▸ TASK BRIEF
Please transcribe the data below in full. Omit any picture you find in it.

▸ DATA RECORDS
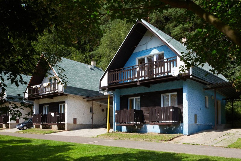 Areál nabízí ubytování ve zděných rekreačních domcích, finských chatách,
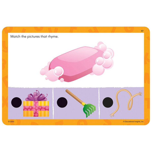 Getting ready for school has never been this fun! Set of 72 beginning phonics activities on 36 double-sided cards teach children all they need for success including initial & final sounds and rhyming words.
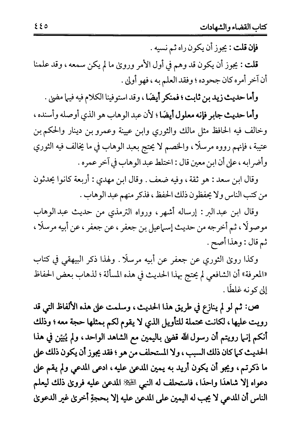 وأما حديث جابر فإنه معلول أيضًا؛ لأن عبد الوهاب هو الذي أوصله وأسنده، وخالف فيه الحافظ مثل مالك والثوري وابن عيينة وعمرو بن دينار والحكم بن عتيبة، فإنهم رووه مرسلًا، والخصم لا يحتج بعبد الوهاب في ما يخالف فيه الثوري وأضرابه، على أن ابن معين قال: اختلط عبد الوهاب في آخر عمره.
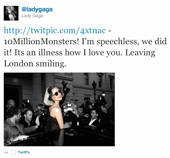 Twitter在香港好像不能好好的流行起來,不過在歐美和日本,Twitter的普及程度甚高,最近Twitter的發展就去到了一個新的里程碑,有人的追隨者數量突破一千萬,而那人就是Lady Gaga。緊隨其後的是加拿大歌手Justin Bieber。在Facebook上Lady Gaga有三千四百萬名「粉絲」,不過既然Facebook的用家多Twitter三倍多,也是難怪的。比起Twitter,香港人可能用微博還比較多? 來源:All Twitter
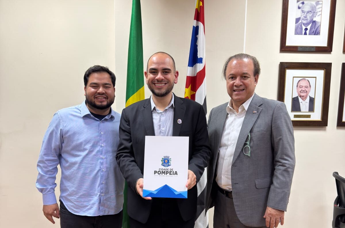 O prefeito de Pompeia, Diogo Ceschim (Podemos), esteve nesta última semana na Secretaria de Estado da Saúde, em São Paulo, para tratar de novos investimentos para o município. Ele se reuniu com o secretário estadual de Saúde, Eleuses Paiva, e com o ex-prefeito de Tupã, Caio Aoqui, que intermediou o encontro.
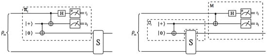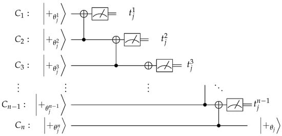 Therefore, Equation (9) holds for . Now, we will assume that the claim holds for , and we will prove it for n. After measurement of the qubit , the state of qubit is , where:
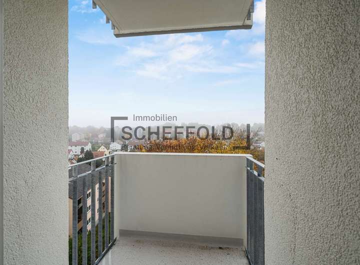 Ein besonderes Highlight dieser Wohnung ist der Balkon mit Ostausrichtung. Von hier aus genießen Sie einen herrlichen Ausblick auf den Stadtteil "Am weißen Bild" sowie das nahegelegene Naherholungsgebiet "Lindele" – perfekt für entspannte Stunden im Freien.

▸ OUTPUT FOR THIS EXERCISE
 Areál nabízí ubytování ve zděných rekreačních domcích, finských chatách,
 Getting ready for school has never been this fun! Set of 72 beginning phonics activities on 36 double-sided cards teach children all they need for success including initial & final sounds and rhyming words.
 وأما حديث جابر فإنه معلول أيضًا؛ لأن عبد الوهاب هو الذي أوصله وأسنده، وخالف فيه الحافظ مثل مالك والثوري وابن عيينة وعمرو بن دينار والحكم بن عتيبة، فإنهم رووه مرسلًا، والخصم لا يحتج بعبد الوهاب في ما يخالف فيه الثوري وأضرابه، على أن ابن معين قال: اختلط عبد الوهاب في آخر عمره.
 Twitter在香港好像不能好好的流行起來,不過在歐美和日本,Twitter的普及程度甚高,最近Twitter的發展就去到了一個新的里程碑,有人的追隨者數量突破一千萬,而那人就是Lady Gaga。緊隨其後的是加拿大歌手Justin Bieber。在Facebook上Lady Gaga有三千四百萬名「粉絲」,不過既然Facebook的用家多Twitter三倍多,也是難怪的。比起Twitter,香港人可能用微博還比較多? 來源:All Twitter
 O prefeito de Pompeia, Diogo Ceschim (Podemos), esteve nesta última semana na Secretaria de Estado da Saúde, em São Paulo, para tratar de novos investimentos para o município. Ele se reuniu com o secretário estadual de Saúde, Eleuses Paiva, e com o ex-prefeito de Tupã, Caio Aoqui, que intermediou o encontro.
 Therefore, Equation (9) holds for . Now, we will assume that the claim holds for , and we will prove it for n. After measurement of the qubit , the state of qubit is , where:
 Ein besonderes Highlight dieser Wohnung ist der Balkon mit Ostausrichtung. Von hier aus genießen Sie einen herrlichen Ausblick auf den Stadtteil "Am weißen Bild" sowie das nahegelegene Naherholungsgebiet "Lindele" – perfekt für entspannte Stunden im Freien.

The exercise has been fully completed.